■ Data block
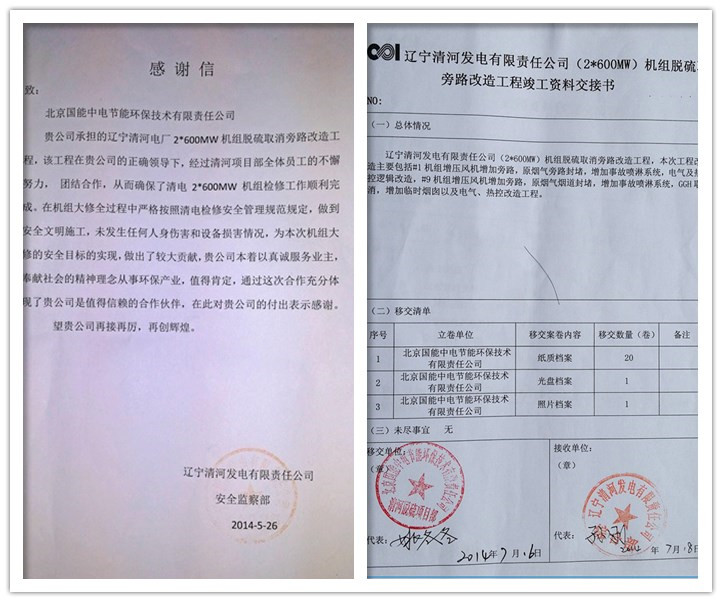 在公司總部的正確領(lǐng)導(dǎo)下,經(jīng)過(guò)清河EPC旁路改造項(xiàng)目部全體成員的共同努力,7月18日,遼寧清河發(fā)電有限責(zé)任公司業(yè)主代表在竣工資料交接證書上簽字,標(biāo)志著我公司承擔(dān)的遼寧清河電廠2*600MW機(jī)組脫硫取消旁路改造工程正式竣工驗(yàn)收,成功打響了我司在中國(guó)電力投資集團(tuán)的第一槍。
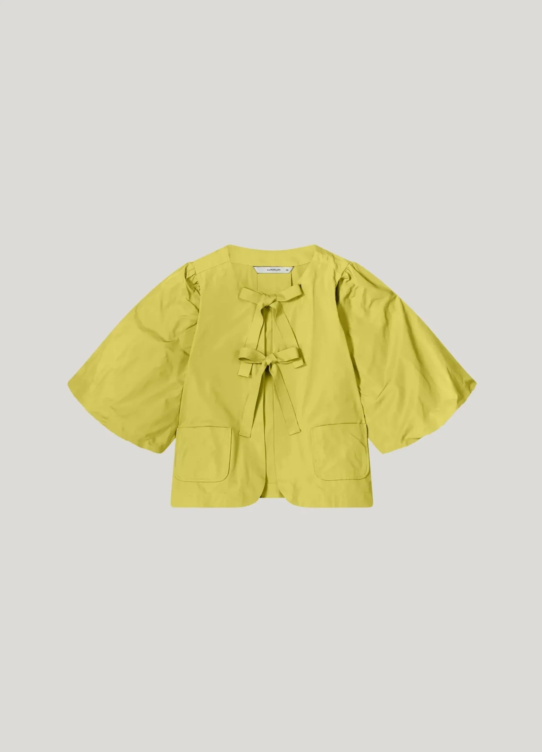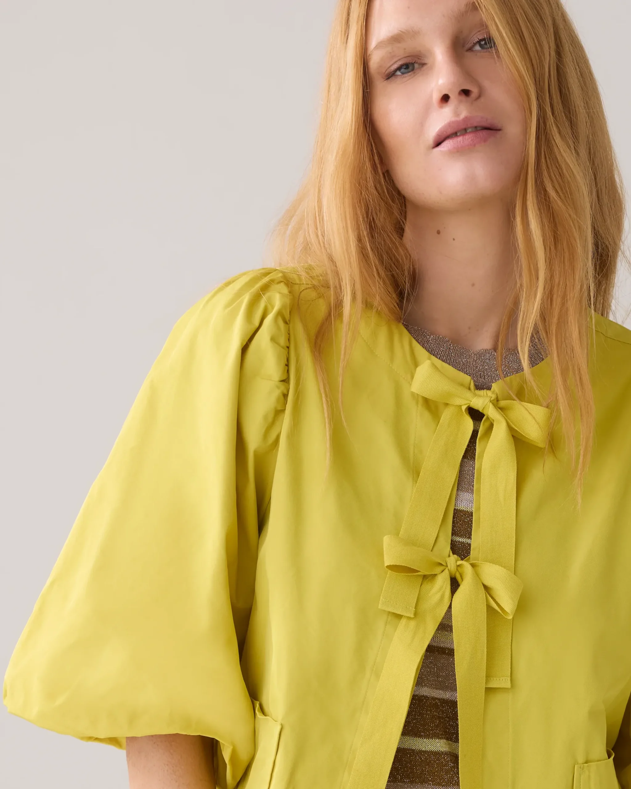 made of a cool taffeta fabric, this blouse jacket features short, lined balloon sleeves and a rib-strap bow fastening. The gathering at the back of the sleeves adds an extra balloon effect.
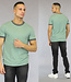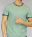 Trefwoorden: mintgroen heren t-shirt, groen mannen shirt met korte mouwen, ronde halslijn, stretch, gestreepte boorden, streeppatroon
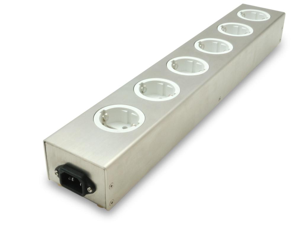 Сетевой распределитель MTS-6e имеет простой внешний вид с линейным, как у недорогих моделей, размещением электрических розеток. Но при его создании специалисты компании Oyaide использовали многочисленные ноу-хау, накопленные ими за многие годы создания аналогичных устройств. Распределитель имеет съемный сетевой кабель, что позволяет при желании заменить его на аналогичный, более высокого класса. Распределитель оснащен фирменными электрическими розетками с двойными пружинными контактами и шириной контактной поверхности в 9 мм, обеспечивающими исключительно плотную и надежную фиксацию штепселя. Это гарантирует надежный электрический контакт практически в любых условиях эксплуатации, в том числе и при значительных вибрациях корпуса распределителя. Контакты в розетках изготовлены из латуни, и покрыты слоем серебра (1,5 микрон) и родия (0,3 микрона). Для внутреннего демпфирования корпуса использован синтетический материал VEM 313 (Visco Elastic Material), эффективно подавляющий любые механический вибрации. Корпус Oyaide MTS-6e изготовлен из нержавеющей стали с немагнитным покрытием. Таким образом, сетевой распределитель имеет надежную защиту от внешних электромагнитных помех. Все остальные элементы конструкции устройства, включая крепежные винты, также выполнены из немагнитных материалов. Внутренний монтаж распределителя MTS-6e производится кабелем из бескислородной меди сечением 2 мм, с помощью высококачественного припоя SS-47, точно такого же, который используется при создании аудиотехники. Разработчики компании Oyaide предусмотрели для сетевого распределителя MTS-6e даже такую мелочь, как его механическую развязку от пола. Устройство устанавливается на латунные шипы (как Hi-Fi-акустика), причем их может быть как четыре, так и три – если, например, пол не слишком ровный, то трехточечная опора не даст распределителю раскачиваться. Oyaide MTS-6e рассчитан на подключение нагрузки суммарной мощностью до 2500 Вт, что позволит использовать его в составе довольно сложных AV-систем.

■ Exercise aim
Repeat the listing exactly, pictures excluded.

■ Answer area
 在公司總部的正確領(lǐng)導(dǎo)下,經(jīng)過(guò)清河EPC旁路改造項(xiàng)目部全體成員的共同努力,7月18日,遼寧清河發(fā)電有限責(zé)任公司業(yè)主代表在竣工資料交接證書上簽字,標(biāo)志著我公司承擔(dān)的遼寧清河電廠2*600MW機(jī)組脫硫取消旁路改造工程正式竣工驗(yàn)收,成功打響了我司在中國(guó)電力投資集團(tuán)的第一槍。
 made of a cool taffeta fabric, this blouse jacket features short, lined balloon sleeves and a rib-strap bow fastening. The gathering at the back of the sleeves adds an extra balloon effect.
 Trefwoorden: mintgroen heren t-shirt, groen mannen shirt met korte mouwen, ronde halslijn, stretch, gestreepte boorden, streeppatroon
 Сетевой распределитель MTS-6e имеет простой внешний вид с линейным, как у недорогих моделей, размещением электрических розеток. Но при его создании специалисты компании Oyaide использовали многочисленные ноу-хау, накопленные ими за многие годы создания аналогичных устройств. Распределитель имеет съемный сетевой кабель, что позволяет при желании заменить его на аналогичный, более высокого класса. Распределитель оснащен фирменными электрическими розетками с двойными пружинными контактами и шириной контактной поверхности в 9 мм, обеспечивающими исключительно плотную и надежную фиксацию штепселя. Это гарантирует надежный электрический контакт практически в любых условиях эксплуатации, в том числе и при значительных вибрациях корпуса распределителя. Контакты в розетках изготовлены из латуни, и покрыты слоем серебра (1,5 микрон) и родия (0,3 микрона). Для внутреннего демпфирования корпуса использован синтетический материал VEM 313 (Visco Elastic Material), эффективно подавляющий любые механический вибрации. Корпус Oyaide MTS-6e изготовлен из нержавеющей стали с немагнитным покрытием. Таким образом, сетевой распределитель имеет надежную защиту от внешних электромагнитных помех. Все остальные элементы конструкции устройства, включая крепежные винты, также выполнены из немагнитных материалов. Внутренний монтаж распределителя MTS-6e производится кабелем из бескислородной меди сечением 2 мм, с помощью высококачественного припоя SS-47, точно такого же, который используется при создании аудиотехники. Разработчики компании Oyaide предусмотрели для сетевого распределителя MTS-6e даже такую мелочь, как его механическую развязку от пола. Устройство устанавливается на латунные шипы (как Hi-Fi-акустика), причем их может быть как четыре, так и три – если, например, пол не слишком ровный, то трехточечная опора не даст распределителю раскачиваться. Oyaide MTS-6e рассчитан на подключение нагрузки суммарной мощностью до 2500 Вт, что позволит использовать его в составе довольно сложных AV-систем.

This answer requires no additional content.